■ **Required work**
Write out only the tail of the records, beginning at the line containing "Santo Domingo RD,>En" and including the last line, exactly as written.

(Records from a data source)
++++

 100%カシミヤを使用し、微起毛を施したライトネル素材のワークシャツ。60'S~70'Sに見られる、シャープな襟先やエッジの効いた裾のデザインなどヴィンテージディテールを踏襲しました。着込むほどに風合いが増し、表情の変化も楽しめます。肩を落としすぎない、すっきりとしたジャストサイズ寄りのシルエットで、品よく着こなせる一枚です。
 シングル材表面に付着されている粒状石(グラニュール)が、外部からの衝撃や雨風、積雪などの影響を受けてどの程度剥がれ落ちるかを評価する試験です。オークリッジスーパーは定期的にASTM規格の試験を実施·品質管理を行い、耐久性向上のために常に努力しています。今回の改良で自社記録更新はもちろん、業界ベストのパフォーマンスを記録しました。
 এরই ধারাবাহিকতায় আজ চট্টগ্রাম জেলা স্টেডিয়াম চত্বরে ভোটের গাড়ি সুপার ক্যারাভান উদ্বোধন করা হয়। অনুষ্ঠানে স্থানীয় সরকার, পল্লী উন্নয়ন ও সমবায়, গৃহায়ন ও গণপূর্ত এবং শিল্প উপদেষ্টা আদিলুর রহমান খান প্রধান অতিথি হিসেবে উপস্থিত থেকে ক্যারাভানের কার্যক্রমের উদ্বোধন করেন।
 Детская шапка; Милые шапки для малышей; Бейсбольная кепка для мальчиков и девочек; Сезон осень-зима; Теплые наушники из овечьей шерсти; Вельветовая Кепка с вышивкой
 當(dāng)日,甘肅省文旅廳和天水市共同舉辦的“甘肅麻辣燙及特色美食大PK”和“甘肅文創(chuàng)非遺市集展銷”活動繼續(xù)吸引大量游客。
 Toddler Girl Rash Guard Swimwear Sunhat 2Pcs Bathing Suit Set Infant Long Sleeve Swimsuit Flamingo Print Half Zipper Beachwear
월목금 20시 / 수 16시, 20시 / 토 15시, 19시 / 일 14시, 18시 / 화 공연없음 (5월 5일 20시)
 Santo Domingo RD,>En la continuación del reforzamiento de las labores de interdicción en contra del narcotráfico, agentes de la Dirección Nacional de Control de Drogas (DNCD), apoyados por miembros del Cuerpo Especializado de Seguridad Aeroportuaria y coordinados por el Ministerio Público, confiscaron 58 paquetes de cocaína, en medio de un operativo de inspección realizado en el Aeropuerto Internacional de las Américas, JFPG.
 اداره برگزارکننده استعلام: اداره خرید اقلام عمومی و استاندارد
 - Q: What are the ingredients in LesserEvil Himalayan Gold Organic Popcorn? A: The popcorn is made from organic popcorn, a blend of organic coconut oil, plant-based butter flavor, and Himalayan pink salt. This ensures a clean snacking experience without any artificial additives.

++++

■ **Task output**
 Santo Domingo RD,>En la continuación del reforzamiento de las labores de interdicción en contra del narcotráfico, agentes de la Dirección Nacional de Control de Drogas (DNCD), apoyados por miembros del Cuerpo Especializado de Seguridad Aeroportuaria y coordinados por el Ministerio Público, confiscaron 58 paquetes de cocaína, en medio de un operativo de inspección realizado en el Aeropuerto Internacional de las Américas, JFPG.
 اداره برگزارکننده استعلام: اداره خرید اقلام عمومی و استاندارد
 - Q: What are the ingredients in LesserEvil Himalayan Gold Organic Popcorn? A: The popcorn is made from organic popcorn, a blend of organic coconut oil, plant-based butter flavor, and Himalayan pink salt. This ensures a clean snacking experience without any artificial additives.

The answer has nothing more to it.